On November 16, 2023 I attended the first day of the Sequoia Project Annual Meeting held this year in San Diego. With more than 250 attendees, I was curious about the state of TEFCA, other projects like the e-Health Exchange and Carequality, and other national networking activities. I was particularly interested in how public health played into the plans of this organization.
The sessions I attended were pretty good. After they got past the usual organizational awards and such, MickeyTrepathi, the National Coordinator for Health Information Technology gave a keynote speech about the state of affairs from ONC’s point of view. No real surprise in what he said as ONC is completely driven by the requirements of the 21st Century Cures Act. that means that the focus was on TEFCA, Information Blocking (including the new proposed regulations on penalties and disincentives for non-compliance), and standards like USCDI/USCDI+ and FHIR. One of the interesting things that Mickey conceded is that though ONC certification for EHRs required that products expose an FHIR query endpoint by December 31, 2022, the actual deployment of these APIs in production by healthcare organizations is very limited. Similarly, where FHIR implementations do exist, there are more FHIR servers willing to provide data through this standard than client organizations interested in actually querying (we have experienced that problem while trying to test our immunization bulk FHIR implementation and can’t find a partner to query).

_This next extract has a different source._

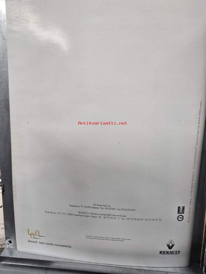 Renault esitteet :Renault Megane 6-sivua, Renault Espace 5-sivua, Renaultit 9 ja 11, 5- sivua Renault Laguna 9-sivua. Selostukset, kuvat, tekniset tiedot
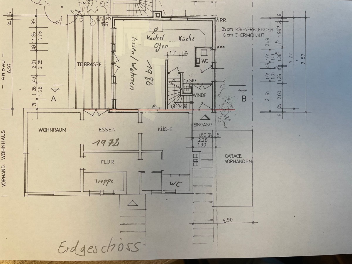 Das vordere Gebäude ( Baujahr 1972, Wohnfläche 113m²) verfügt über großzügige Räume, einem seperatem Gäste WC, Badezimmer mit Dusche und Badewanne, goßer Wohnküche, Esszimmer, Wohnzimmer, einem Schlafzimmer mit Balkon, sowie ein weiteres Zimmer.

The exciting news was the imminent announcement of the first Qualified Health Information Network (QHIN) designations which will mark the initial participants in the new TEFCA-driven national network. ONC expects to announce these qualified organizations at its 2023 Annual Meeting in December 2023. There was discussion about public health and TEFCA; public health is one of the six “exchange purposes,” though among the ones for initial implementation. It remains unclear exactly how public health will leverage the TEFCA network once it’s up and running.
The next session was specifically about public health, and included a presentation by Dr. Jennifer Layden, Director for the Office of Public Health Data, Surveillance, and Technology (OPHDST) at CDC. She reviewed the CDC’s Data Modernization Initiative (DMI) and the supporting Public Health Data Strategy. There was nothing said in this presentation that we have not heard before. I suppose for some of the people in the room this was new. The Sequoia Project has a public health workgroup which grew out of some earlier work on emergency preparedness and response. Its membership is by invitation only and while it is a community of practice for public health issues it is only a consultative body for public health issues related to TEFCA.
There were some additional interesting sessions as well, including significant emphasis on consumer access and how that will play out in TEFCA as well as identity resolution (knowing who is who from a clinical records perspective) which is required if pervasive health information exchange is going to take place. There were sessions on multi-factor authentication which has become a fixture in our online environment and lots of discussion about how all of these topics play out using FHIR. I fully expect ongoing discussions of these topics over the coming months and years.